*** Opening DATA SECTION ***

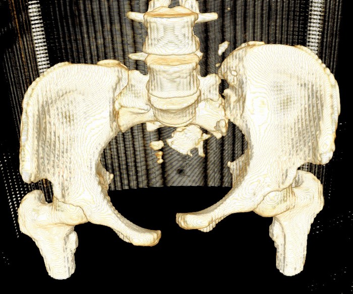 Девочка 14 лет. Кататравма (падение с высоты 4-5 этажа). Вертикально нестабильный перелом таза со смещением, разрывом лонного и левого подвздошно-крестцового сочленения, перелом крестца, открытый перелом костей голени. Ребёнок оперирован на 10-е сутки после травмы - выполнили максимально возможную репозицию на ортопедическом столе, синтез лонного сочленения реконструктивной пластиной (из имеющихся пластин - на 7 дыр - самая длинная, получилось только по 2 шурупа с каждой стороны, поэтому пришлось подстраховаться проволокой), АВФ. Задний комплекс не фиксировали ввиду отсутствия канюлированных (да и неканюлированных)шурупов должной длинны.В настоящий момент перед нами стоит вопросов:1. Обязательно ли фиксировать подвздошно-крестцовое сочленение, либо фиксации АВФ будет достаточно? Аппарат стоит достаточно стабильно, девочка при перемещениях в пределах постельного режима болевых ощущений не испытывает.2. Что делать с отломком крестца, который довольно значительно смещён кпереди? В настоящий момент никаких проблем с дефекацией у больной нет, хотя, глядя на КТ, создаётся впечатление, что отломок прямо-таки лежит на прямой кишке. Репонировать-фиксировать? Просто удалить? Вообще не трогать? Не создаст ли он в дальнейшем проблем во время родов?Хотелось бы знать мнение уважаемых коллег.Заранее спасибо.
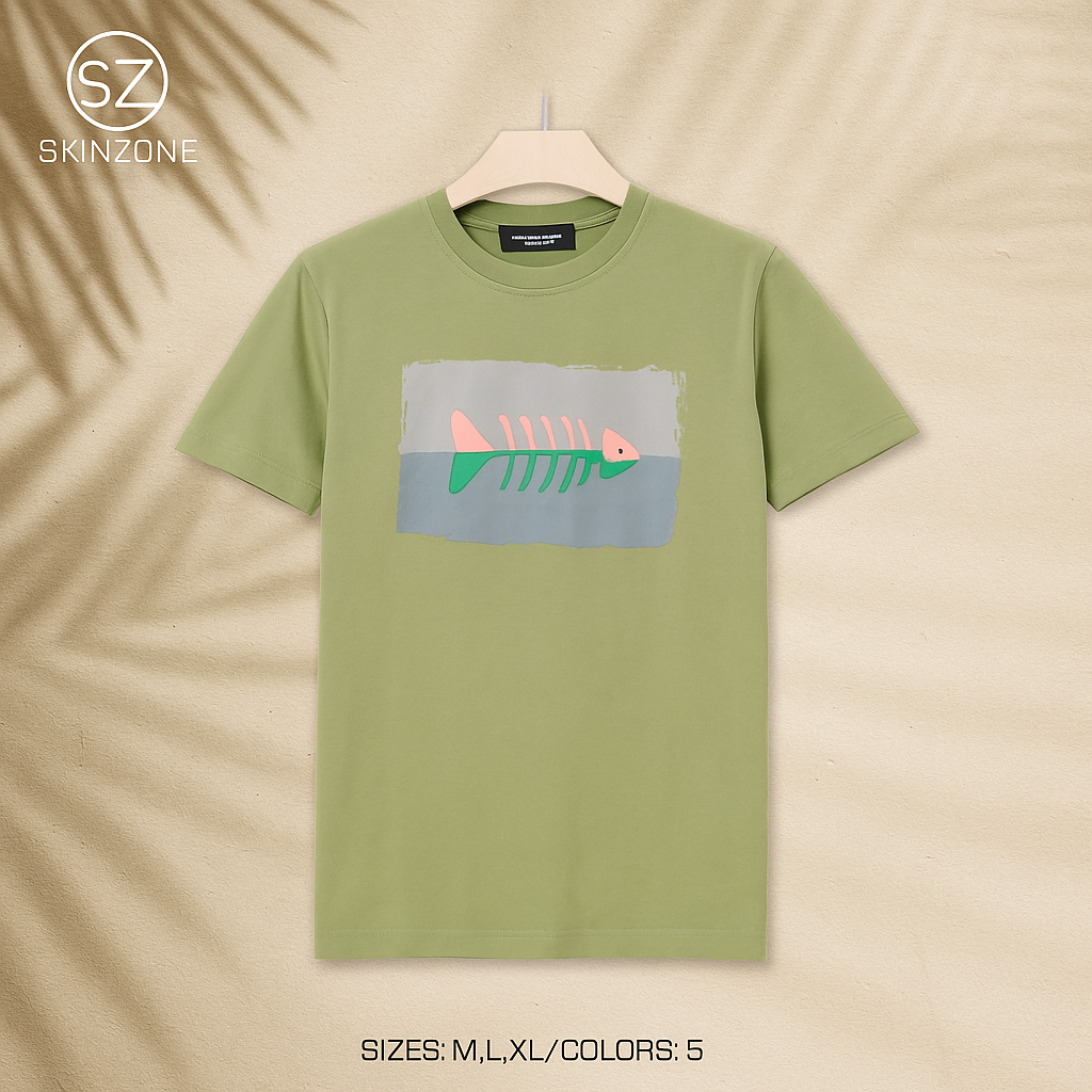 Green Tee With Abstract Fishbone Graphic For A Minimal Artistic Look
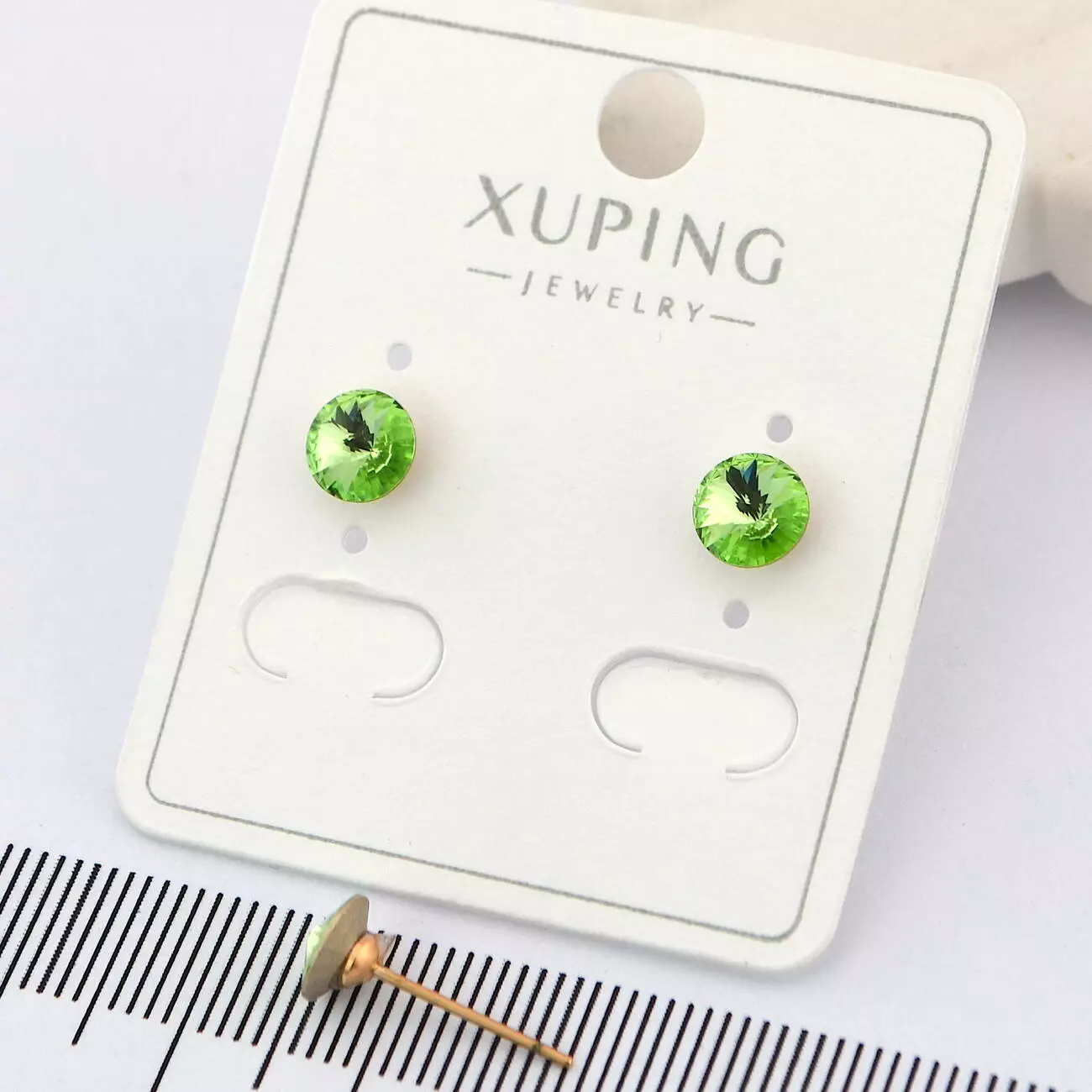 Сережки Xuping цвяшки (пусети) с салатовим каменем з медичного золота позолота 18К
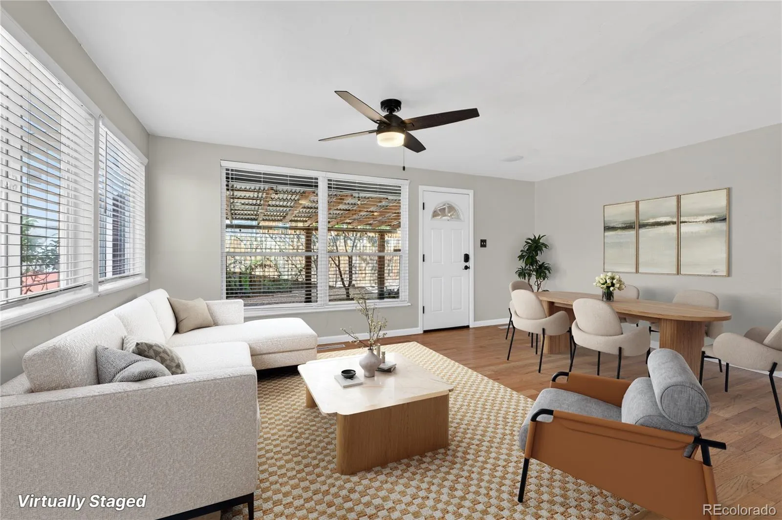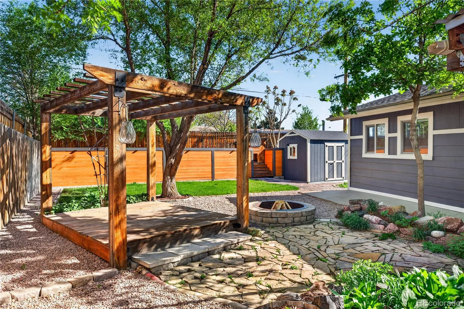 Charming ranch-style home nestled in a quiet, friendly community known for its great neighbors and peaceful atmosphere. This inviting home offers a bright, open floor plan with a spacious living room that flows seamlessly into a large kitchen, creating an ideal space for everyday living and entertaining. Beautiful hardwood floors extend through the living room and all three bedrooms, adding warmth and character throughout. The kitchen features ample warm wood cabinetry, generous counter space, and a center island with additional bar-height seating—perfect for casual meals or gathering with friends and family. Just off the living room, a door opens to an expansive covered patio where soft string lights create a relaxing ambiance, making it a perfect setting for outdoor dining or unwinding at the end of the day. The backyard is a true private oasis, thoughtfully designed with mature trees that provide shade, privacy, and a serene natural feel. Enjoy Colorado summers under the large covered patio or beneath the newer pergola, surrounded by beautifully maintained xeriscaping for low-water, easy-care living. Garden enthusiasts will appreciate the multiple planter beds ready for spring planting, along with extra space for a larger garden. A spacious shed offers excellent storage for tools and outdoor gear, and a built-in dog house adds a thoughtful touch for pet lovers. Recent updates include the pergola (5 years ago), landscaping and xeriscaping (2 years ago), and a newer roof (2 years ago), offering added value and peace of mind. Conveniently located just a few blocks from Sherrelwood Park, with quick access to Highway 36 and I-25, making commutes to Boulder or downtown Denver fast and easy. Welcome home!
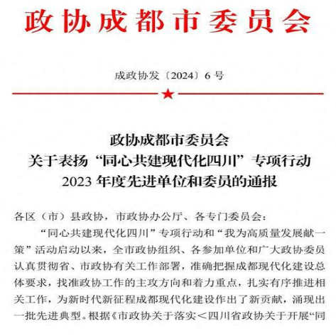 近日,政协成都市委员会对2023年度“同心共建现代化四川”专项行动先进单位和委员进行了通报表扬。成都市政协委员、万象城体育教育学院院长、九三学社allwincity万象城官方网站支社主委吴向明获得表彰。
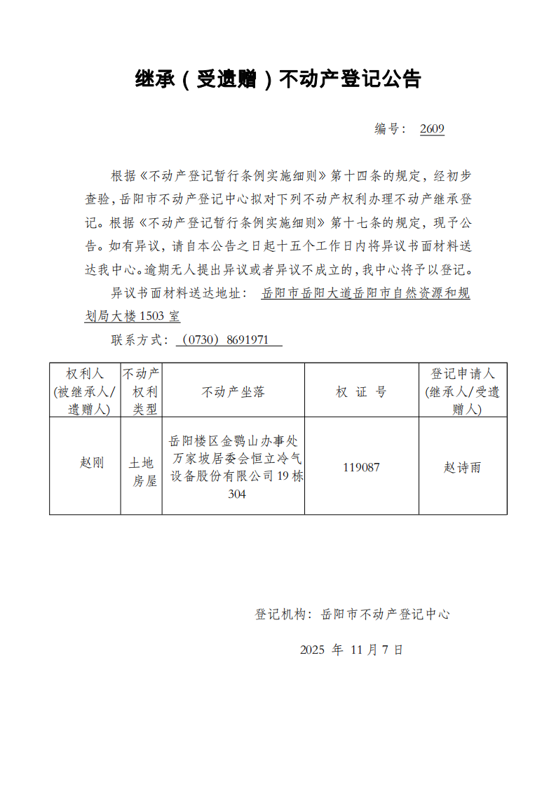 继承(受遗赠)不动产登记公告 编号:赵诗雨(2609)
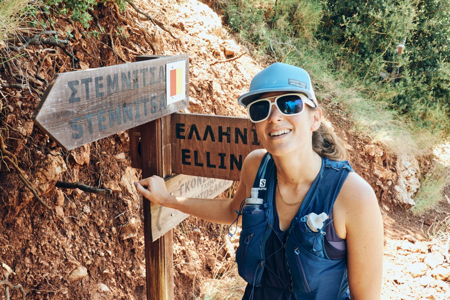 As the sun rises on day three, we set off from Vytina, ready to tackle the day ahead.Almost 40km ahead of us meant a strategic breakfast order at the bakery in Vytina.Leaving Vytnia with pastries and coffee to accompany the first kms.Early morning in the impressive ravine outside of Vytina.As we hiked through the lush countryside, we were greeted by the buzzing of bees hard at work in their hives. A reminder of the beauty and harmony of nature.Valtesiniko proved to be a great place for lunch, with several restaurants and cafes offering a variety of tasty dishes. After the previous day’s less-than-stellar experience, we were happy to find a satisfying meal to fuel us for the rest of the day’s run.After hours of running, the sight of a small ice cream shop in the quaint village of Magouliana was a welcome relief.After red and yellow, it was the turn of the green signposts to guide your way.The drag from Valtesiniko to the finish line in Lagkadia tested our endurance. As the heat beat down on us, we dug deep and pushed on to the end.
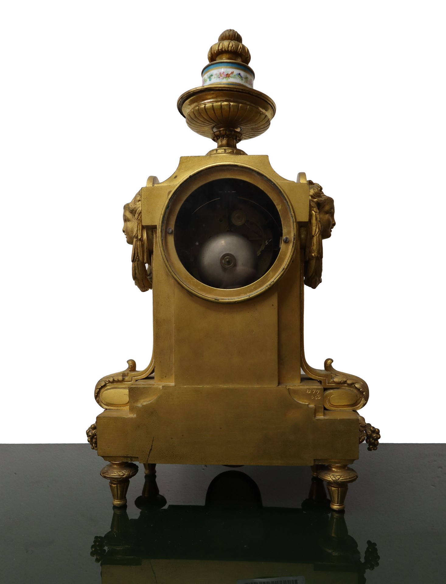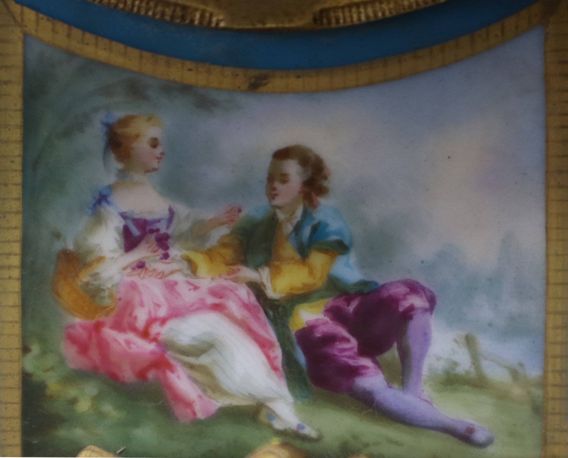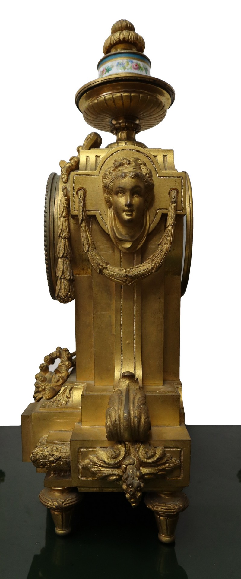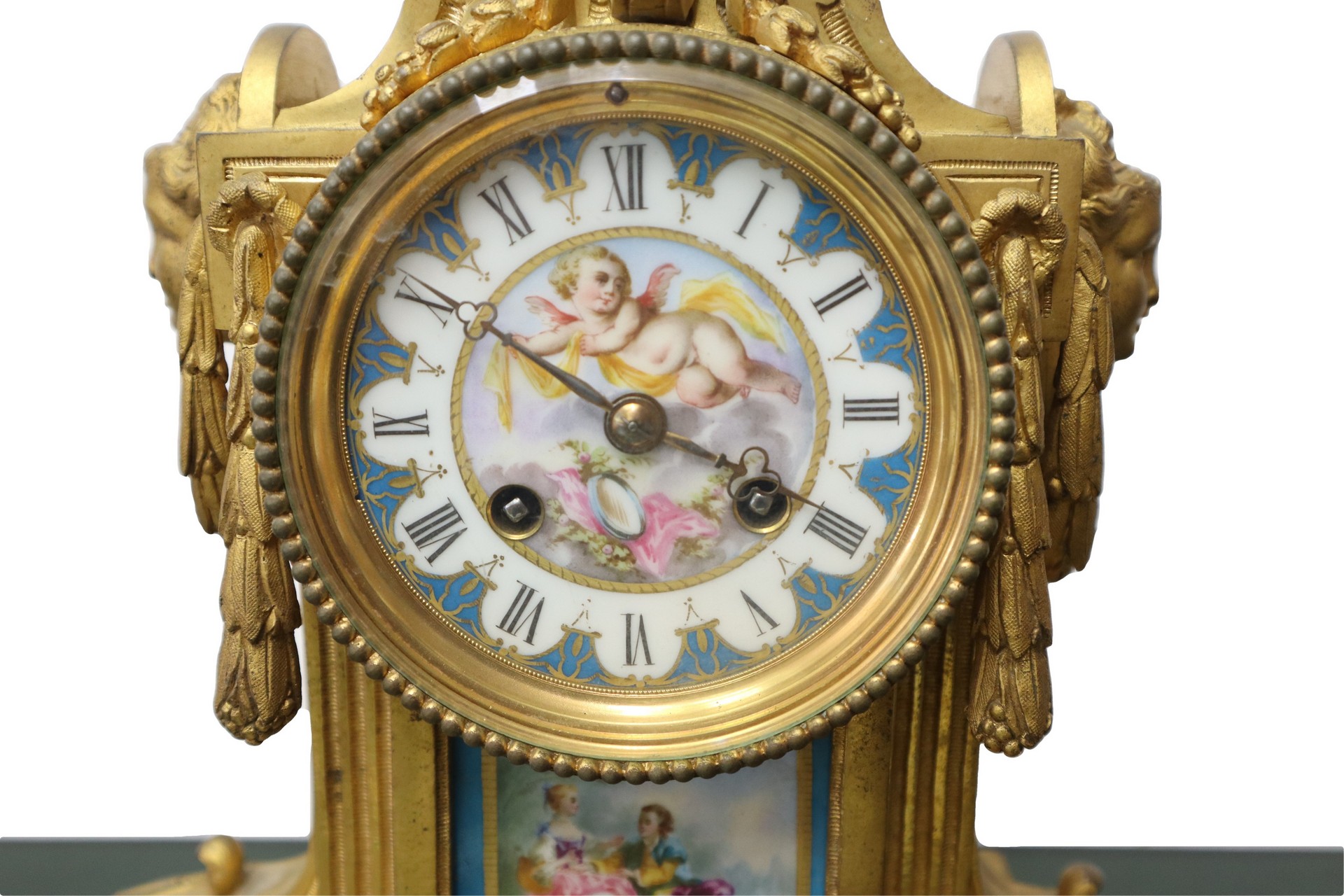 Trittico con orologio e coppia candelieri in bronzo dorato e porcellane miniaturizzate , Napoleon III, 19th century France

*** Closing DATA SECTION ***

# [PROBLEM STATEMENT]
An acceptable answer consists of the lines above from the one holding "As the sun rises" to the end of the data, repeated exactly and containing no pictures.

# [ANSWER TO THE EXERCISE]
 As the sun rises on day three, we set off from Vytina, ready to tackle the day ahead.Almost 40km ahead of us meant a strategic breakfast order at the bakery in Vytina.Leaving Vytnia with pastries and coffee to accompany the first kms.Early morning in the impressive ravine outside of Vytina.As we hiked through the lush countryside, we were greeted by the buzzing of bees hard at work in their hives. A reminder of the beauty and harmony of nature.Valtesiniko proved to be a great place for lunch, with several restaurants and cafes offering a variety of tasty dishes. After the previous day’s less-than-stellar experience, we were happy to find a satisfying meal to fuel us for the rest of the day’s run.After hours of running, the sight of a small ice cream shop in the quaint village of Magouliana was a welcome relief.After red and yellow, it was the turn of the green signposts to guide your way.The drag from Valtesiniko to the finish line in Lagkadia tested our endurance. As the heat beat down on us, we dug deep and pushed on to the end.
 Trittico con orologio e coppia candelieri in bronzo dorato e porcellane miniaturizzate , Napoleon III, 19th century France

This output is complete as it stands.